Here, I get only 6788 OTUs. This is much less than when performing split.abund with the list option.

Can anyone help me? Do anyone have a good way to remove singletons?

All answers appreciated! :slight_smile:

Even

What about filter.shared(…, mintotal=1) ?

If you are trying to remove singletons OTUs then you want to use the list and count files after cluster. You need to be sure to include the count file. This is because when you cluster with a count file, the list file created only contains unique names. This could mean you have an OTU with 1 sequence name that is not “singleton” OTU because that one unique name may represent hundreds of sequences from various samples. This will create an *.abund and *.rare version of your files.

mothur > split.abund(fasta=xxx.fasta, list=xxx.list, count=xxx.count, cutoff=1, label=0.03)

If you want to use the remove.rare command, you can do the following:

mothur > remove.rare(fasta=xxx.fasta, list=xxx.list, count=xxx.count, cutoff=2, label=0.03)

You can also use the filter.shared command:

mothur > make.shared(list=xxx.list, count=xxx.count, label=0.03)
mothur > filter.shared(shared=current, mintotal=1, makerare=f, label=0.03)

Kindly,
Sarah

Hi guys, thanks for answering! Still, I have some problems getting this to work properly. Let’s focus on “split.abund”:

Okay, so I’m working with three input files:
1) The .count_table.
I did not get any .count_table output from the clustering, just the list file. I used dist.seqs (fasta=xxx.fasta, cutoff=0.20, processors=32). Then I used cluster.split with split method “classify”:

cluster.split(column=pilot.trim.contigs.good.unique.good.filter.unique.precluster.pick.pick.dist, count=pilot.trim.contigs.good.unique.good.filter.unique.precluster.denovo.uchime.pick.pick.count_table, taxonomy=pilot.trim.contigs.good.unique.good.filter.unique.precluster.pick.seed_v119.wang.pick.taxonomy, splitmethod=classify, taxlevel=4, cutoff=0.2, method=average, processors=32)

Output File Names:
pilot.trim.contigs.good.unique.good.filter.unique.precluster.pick.pick.an.unique_list.list

As you see, this gave me only a .list file! Sarah suggests I use the “list and count files after cluster”, which therefore makes no sense to me… :confused:

I have only got the .count_table generated during “remove.lineage” before clustering. This contains 149,352 representative sequences, with a total number of 12,428,311 reads.
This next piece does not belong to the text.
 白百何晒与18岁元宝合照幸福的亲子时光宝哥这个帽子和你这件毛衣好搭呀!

Of these 149,352 sequences, I can see that 128,249 sequences represent only 1 read, and can be considered singletons. The remaining 21,103 representative sequences still contain most of the reads (12.3 millions).
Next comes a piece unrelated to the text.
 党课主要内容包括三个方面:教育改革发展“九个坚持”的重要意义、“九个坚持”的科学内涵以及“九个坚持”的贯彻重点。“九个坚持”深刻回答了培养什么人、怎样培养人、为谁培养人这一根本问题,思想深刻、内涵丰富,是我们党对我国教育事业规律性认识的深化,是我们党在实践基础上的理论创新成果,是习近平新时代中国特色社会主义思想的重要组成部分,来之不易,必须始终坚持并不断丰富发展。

2) The .fasta file, also generated during “remove.lineage”. Contains the same 149,352 representative sequences. Is this the one I should be using for split.abund?
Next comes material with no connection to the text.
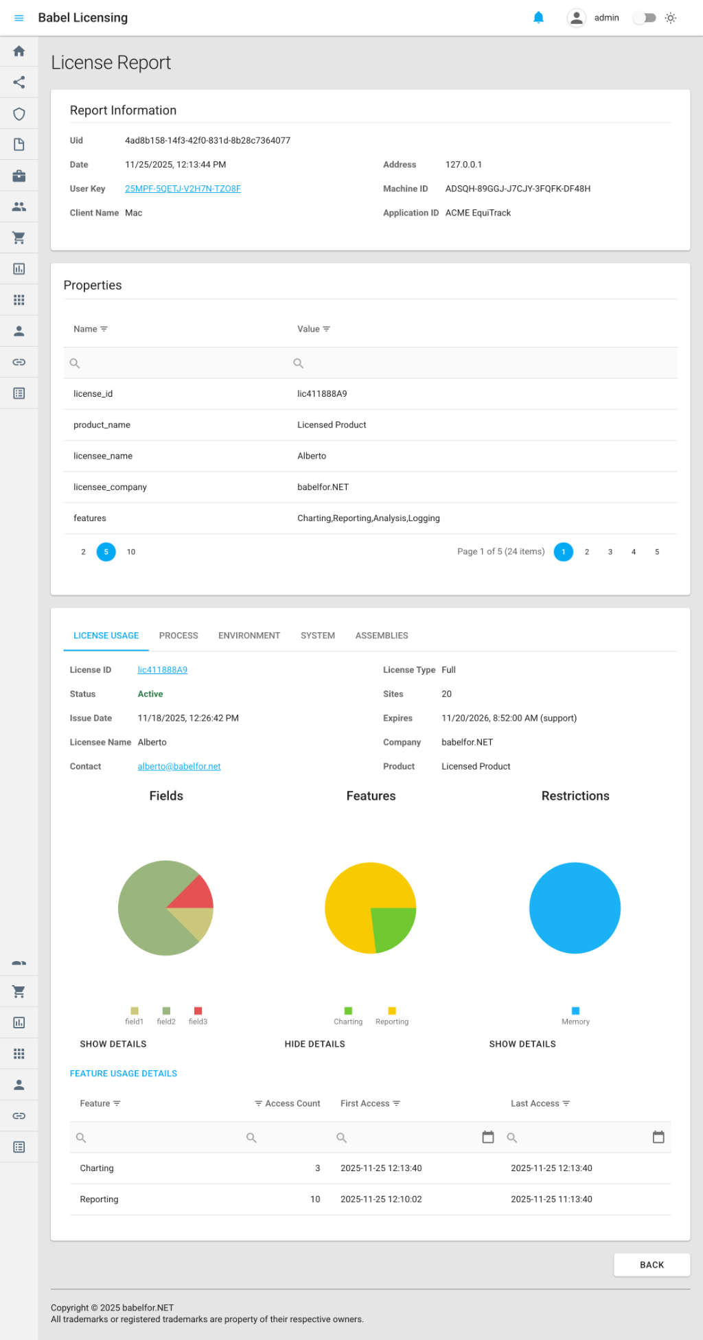 While the web interface provides comprehensive viewing capabilities, you can also access report data programmatically through the Babel Licensing Service API for:

3) The .list file, generated during “cluster.split” (which probably went wrong, as I dit not get any .count_table output file). From the “unique” line, I see that the number of OTUs is 149,352, which corresponds to all of my 149,352 representative sequences left after “remove.lineage”, before clustering.

Can anyone tell if I did the clustering process correctly, and if yes, also guide me through the singleton removal?

Kind regards,

Even

  1. The cluster.split command does not create a count file, but it does use the count file to determine the merging of OTUs. The count file I was referring to is the pilot.trim.contigs.good.unique.good.filter.unique.precluster.denovo.uchime.pick.pick.count_table file.

  2. The .fasta file, also generated during “remove.lineage”. Contains the same 149,352 representative sequences. Is this the one I should be using for split.abund? Yes, :slight_smile:

  3. The .list file, generated during “cluster.split” (which probably went wrong, as I dit not get any .count_table output file). From the “unique” line, I see that the number of OTUs is 149,352, which corresponds to all of my 149,352 representative sequences left after “remove.lineage”, before clustering.

http://www.mothur.org/wiki/Frequently_asked_questions#Aren.27t_the_.27unique.27_and_.270.00.27_distance_levels_the_same.3F Did it cluster beyond unique?

Can anyone tell if I did the clustering process correctly?

What do you mean by clustered correctly?